For some, the shame of cowardice upon their soul, mind, and heart lasts forever.  Writes street evangelist Truxton Meadows:

I’m forty years old.  And I’ve lived a lot of life and made many mistakes.  I have regrets but have reconciled them in my life. The only nagging regrets I still have that I can’t reconcile are the times that I could have stood up for a kid that was getting bullied and I didn’t.  I was small and got picked on myself so I didn’t want to draw the bully’s attention and sometimes joined in to fit in. I regret that I never stood up for myself and others. 

Many parents have never even had a conversation with their children about cowardice. Warning against its corrosive nature isn’t even usually on our parental radar, or included in many sermons.  Instead, most of us are quick to warn our kids to avoid getting too involved (or involved at all) when someone is mistreated because of the collateral damage it may do to them.  This is in direct defiance to how Jesus told us to live (see the parable of the good Samaritan in Luke 10).  And we’re overlooking the far-reaching damage of cowardice itself:  Ultimately, cowardice can be as destructive as drug addiction.

We don’t discuss how cowardice undermines our integrity and character, much less what God says about it.  There are approximately thirty biblical examples of cowardice, and every one is a cautionary tale.  Are you aware that even in many countries (such as France and Germany), civil courage is enforced by law?  That if citizens witness a public crime they are obliged to act, either by alerting the authorities or by intervening?  Or if the crime is committed in a private environment, witnesses are either to report it or try to stop it?

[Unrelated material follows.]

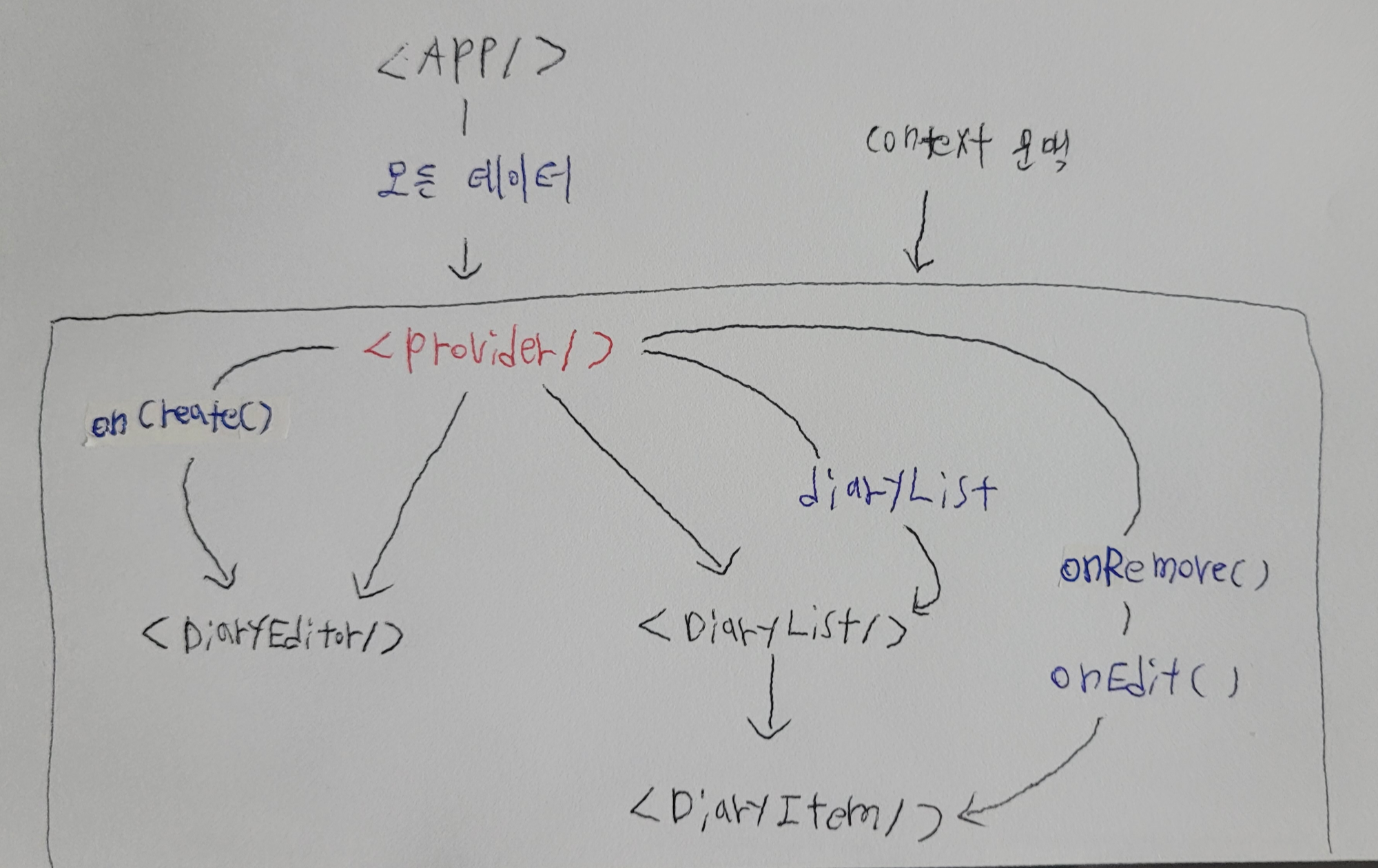 <DiaryEditor />과 <DiaryList />는 더 이상 onCreate, onRemove, onEdit이 함수들을 전달 받을 필요가 없어져서 제거한다.

We don’t talk about cowardice with our children because we don’t really think courage is all that necessary in the first place.  We also can’t bear the thought that our kids might exhibit cowardice.  In fact, in this area, we’d rather be ignorant or uninvolved than engage the matter and help our sons and daughters go to work on it.  We’re more worried about hurting our children’s feelings than we are concerned about cultivating hearts that don’t listen to fear when making decisions.